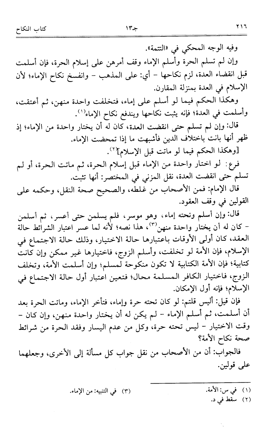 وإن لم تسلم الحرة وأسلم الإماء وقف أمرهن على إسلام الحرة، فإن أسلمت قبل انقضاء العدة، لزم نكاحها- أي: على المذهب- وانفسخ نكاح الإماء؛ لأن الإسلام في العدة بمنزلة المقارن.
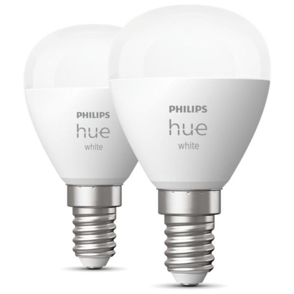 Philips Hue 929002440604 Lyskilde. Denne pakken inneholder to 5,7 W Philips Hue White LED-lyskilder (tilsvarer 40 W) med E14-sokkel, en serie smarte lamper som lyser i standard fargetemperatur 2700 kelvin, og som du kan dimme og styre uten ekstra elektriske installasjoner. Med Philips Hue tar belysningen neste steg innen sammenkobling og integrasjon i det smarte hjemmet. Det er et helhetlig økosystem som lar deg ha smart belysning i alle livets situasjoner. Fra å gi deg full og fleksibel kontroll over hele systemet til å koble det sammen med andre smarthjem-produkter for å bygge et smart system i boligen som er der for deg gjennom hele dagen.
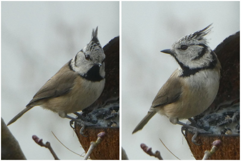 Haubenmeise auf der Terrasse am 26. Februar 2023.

###

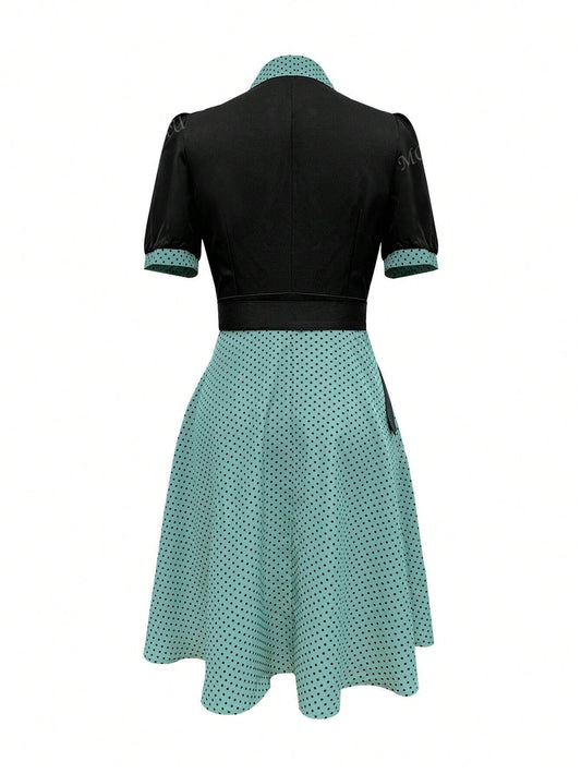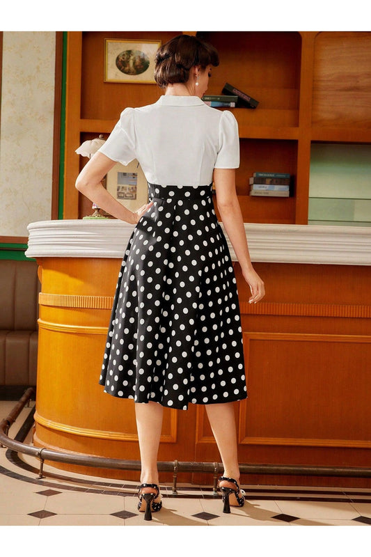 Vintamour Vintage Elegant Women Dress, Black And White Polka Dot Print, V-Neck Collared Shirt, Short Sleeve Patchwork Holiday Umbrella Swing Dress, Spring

###

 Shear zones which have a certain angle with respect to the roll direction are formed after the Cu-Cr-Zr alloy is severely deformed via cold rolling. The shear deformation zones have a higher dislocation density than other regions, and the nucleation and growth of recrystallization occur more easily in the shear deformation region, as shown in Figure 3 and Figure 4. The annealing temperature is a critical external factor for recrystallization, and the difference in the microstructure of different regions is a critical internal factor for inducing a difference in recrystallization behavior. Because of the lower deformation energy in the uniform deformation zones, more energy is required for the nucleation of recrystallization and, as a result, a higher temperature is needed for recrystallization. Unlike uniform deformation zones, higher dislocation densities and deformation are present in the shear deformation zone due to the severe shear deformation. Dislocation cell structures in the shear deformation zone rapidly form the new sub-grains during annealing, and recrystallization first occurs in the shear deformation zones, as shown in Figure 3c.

###

Try it:
Set down again, word for word, every line from the one with "وإن لم تسلم" to the one with "Haubenmeise auf der" in the entries above, and omit the pictures.

Answer to this exercise:
 وإن لم تسلم الحرة وأسلم الإماء وقف أمرهن على إسلام الحرة، فإن أسلمت قبل انقضاء العدة، لزم نكاحها- أي: على المذهب- وانفسخ نكاح الإماء؛ لأن الإسلام في العدة بمنزلة المقارن.
 Philips Hue 929002440604 Lyskilde. Denne pakken inneholder to 5,7 W Philips Hue White LED-lyskilder (tilsvarer 40 W) med E14-sokkel, en serie smarte lamper som lyser i standard fargetemperatur 2700 kelvin, og som du kan dimme og styre uten ekstra elektriske installasjoner. Med Philips Hue tar belysningen neste steg innen sammenkobling og integrasjon i det smarte hjemmet. Det er et helhetlig økosystem som lar deg ha smart belysning i alle livets situasjoner. Fra å gi deg full og fleksibel kontroll over hele systemet til å koble det sammen med andre smarthjem-produkter for å bygge et smart system i boligen som er der for deg gjennom hele dagen.
 Haubenmeise auf der Terrasse am 26. Februar 2023.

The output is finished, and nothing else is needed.